Closed botev closed 8 years ago

botev commented 8 years ago

It would be nice if the BatchNormalizationLayer, rather than supporting a "single_pass" would support "collect" where it will collect the variables in minibatches. If the dataset is big enough the "single_pass" could fail. Alternative would be something like this:

if collect:
                # This will collect the dataset statistics on minibatches
                # However to this accurately we will need a new extra variable
                # for E[x^2] and use its average instead of the std
                running_ex2 = theano.shared(np.zeros_like(self.std.get_value()))
                t = theano.shared(1)
                ex2 = input.sqr().mean(self.axes, keepdims=True)
                mean_update = ((t-1) / t) * running_mean + mean / t
                ex2_update = ((t-1) / t) * running_ex2 + ex2 / t
                std_update = (ex2_update - mean_update.sqr() + self.epsilon).sqrt()
                # Set the default updates
                running_mean.default_update = mean_update
                running_ex2.default_update = ex2_update
                running_std.default_update = std_update
                t.default_update = t + 1
                # and include them in the graph so their default updates will be
                # applied (although the expressions will be optimized away later)
                mean += 0 * running_mean + 0 * t
                std += 0 * running_std + 0 * running_ex2
            else:
                # During training instead we use a geometric moving average
                running_mean.default_update = ((1 - self.alpha) * running_mean +
                                               self.alpha * mean)
                running_std.default_update = ((1 - self.alpha) * running_std +
                                              self.alpha * std)
                # and include them in the graph so their default updates will be
                # applied (although the expressions will be optimized away later)
                mean += 0 * running_mean
                std += 0 * running_std
skaae commented 8 years ago

It would be nice if the BatchNormalizationLayer, rather than supporting a "single_pass" would support "collect" where it will collect the variables in minibatches.

I think it does.

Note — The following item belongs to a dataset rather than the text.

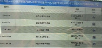 6.出現(xiàn)以下,制動液壓力傳,橫向加速度,偏航率速度,縱向加速度傳感器,依次點(diǎn)擊進(jìn)入按操作提示點(diǎn)擊復(fù)位,就可以操作成功
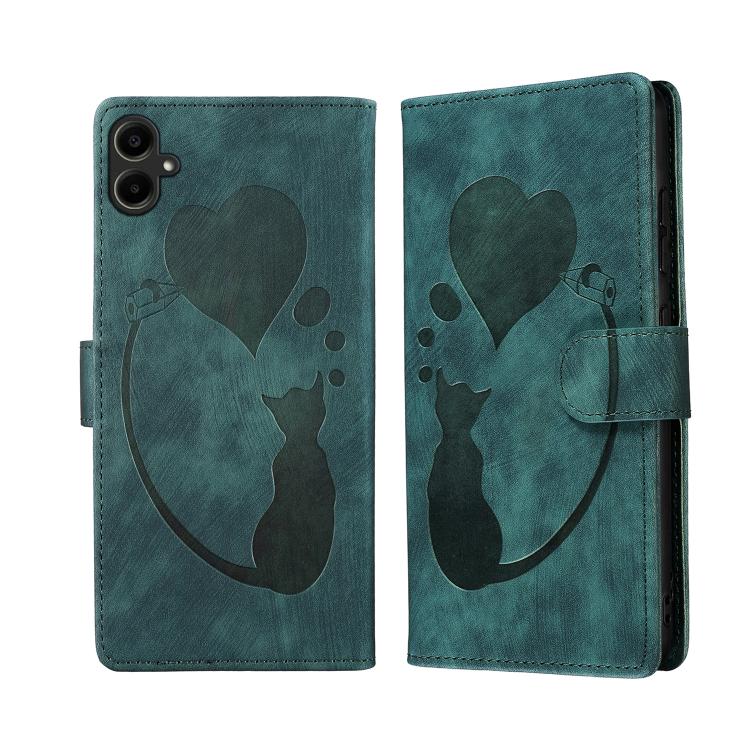 Funda de cuero con relieve de gato y corazón para Samsung Galaxy A07 4G / A06 4G (verde)

If you set alpha to e.g. 0.5 ? This is untested, but should work?

botev commented 8 years ago

That would take geometric average over the minibatches, e.g. for 3 minibatches:

mean = 0.125*m_1  + 0.25*m_2 + 0.5*m_3 

where you want in the end is

mean = 0.333 * m_1 + 0.333 * m_2 + 0.333 * m_3

Or am I missunderstanding what the point of the "single_pass" is?

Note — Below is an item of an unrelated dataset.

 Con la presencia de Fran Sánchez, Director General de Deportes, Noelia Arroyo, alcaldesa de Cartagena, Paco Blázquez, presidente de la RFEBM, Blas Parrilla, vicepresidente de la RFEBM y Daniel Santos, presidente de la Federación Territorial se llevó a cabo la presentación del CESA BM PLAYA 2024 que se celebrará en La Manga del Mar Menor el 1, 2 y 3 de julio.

skaae commented 8 years ago

Single pass assumes that you pass the entire dataset through the network in a single batch. That way you collect the correct statistics for all batch normalization layers.

It's probably correct that alpha!='single_pass' uses a geometric average. Its copied from @f0k 's implementation.

botev commented 8 years ago

Aha, I get it. Well then what I suggest is just convinience for collecting it after training is done! Thanks for the clarification.